## DATA BELOW:
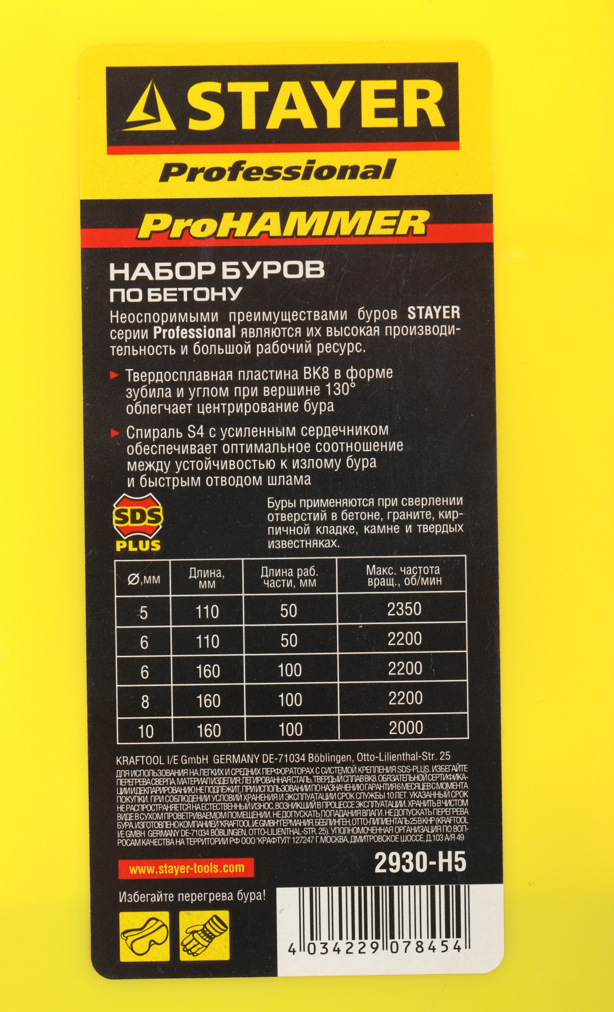 Набор буров Stayer 2930-H5 по бетону (5пред.) для дрелей/перфораторов
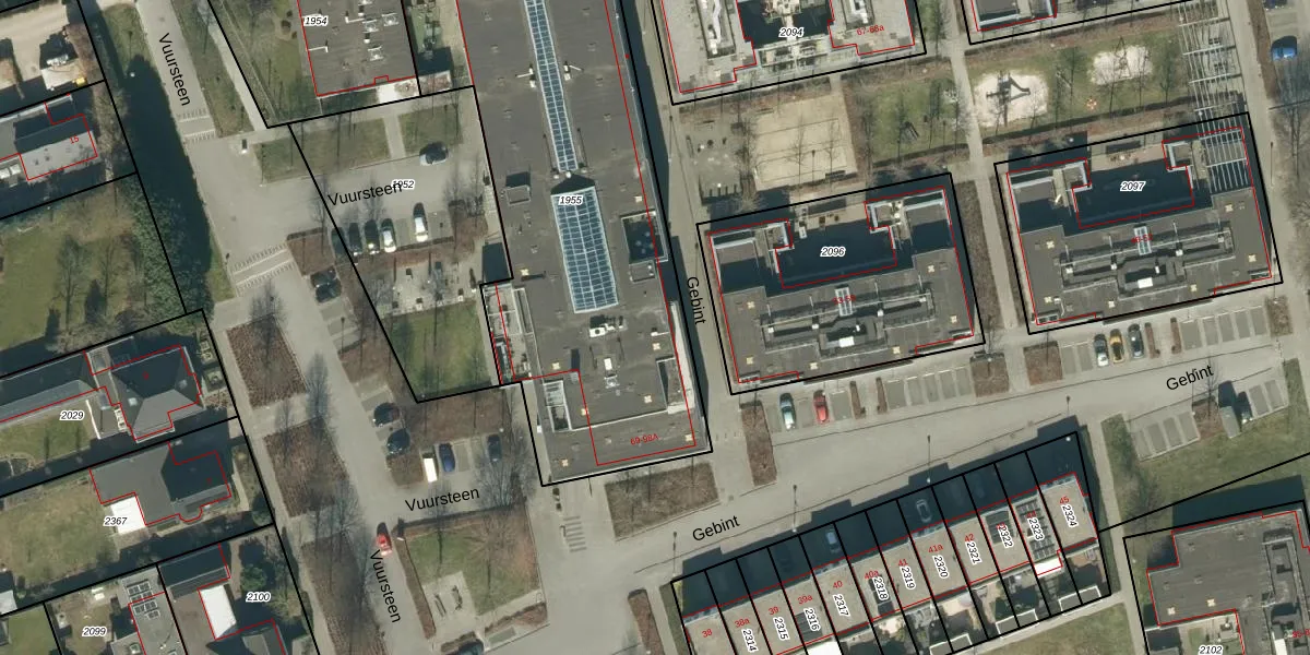 Het perceel waarop Gebint 90 staat heeft een oppervlakte van 2720 m². Dit is een zeer groot perceel. De perceeloppervlakte wordt geregistreerd door het Kadaster. Gedetailleerde informatie over de maten van dit perceel kunt u vinden in het rapport Kadastrale kaart met maatvoering van Gebint 90.
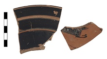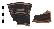 | Description: | Three fragments from open bowl with flared rim and raised red moldings. Central medallion has running animal with some white paint. | |
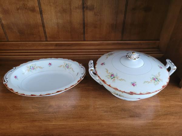2 China serving bowls from 1946 when my parents were married. They are Aladdin fine china in the Wembley pattern and marked Made in Occupied Japan. They are a flower design with gold trim. In excellent condition, but the vegetable dish has some chips on the bottom rim as shown in the pictures. Both dishes for $20. Local pickup and cash only.

## GOAL OF THE EXERCISE:
Return all of the data exactly as written, and drop the pictures.

## TASK SOLUTION:
 Набор буров Stayer 2930-H5 по бетону (5пред.) для дрелей/перфораторов
 Het perceel waarop Gebint 90 staat heeft een oppervlakte van 2720 m². Dit is een zeer groot perceel. De perceeloppervlakte wordt geregistreerd door het Kadaster. Gedetailleerde informatie over de maten van dit perceel kunt u vinden in het rapport Kadastrale kaart met maatvoering van Gebint 90.
 | Description: | Three fragments from open bowl with flared rim and raised red moldings. Central medallion has running animal with some white paint. | |
2 China serving bowls from 1946 when my parents were married. They are Aladdin fine china in the Wembley pattern and marked Made in Occupied Japan. They are a flower design with gold trim. In excellent condition, but the vegetable dish has some chips on the bottom rim as shown in the pictures. Both dishes for $20. Local pickup and cash only.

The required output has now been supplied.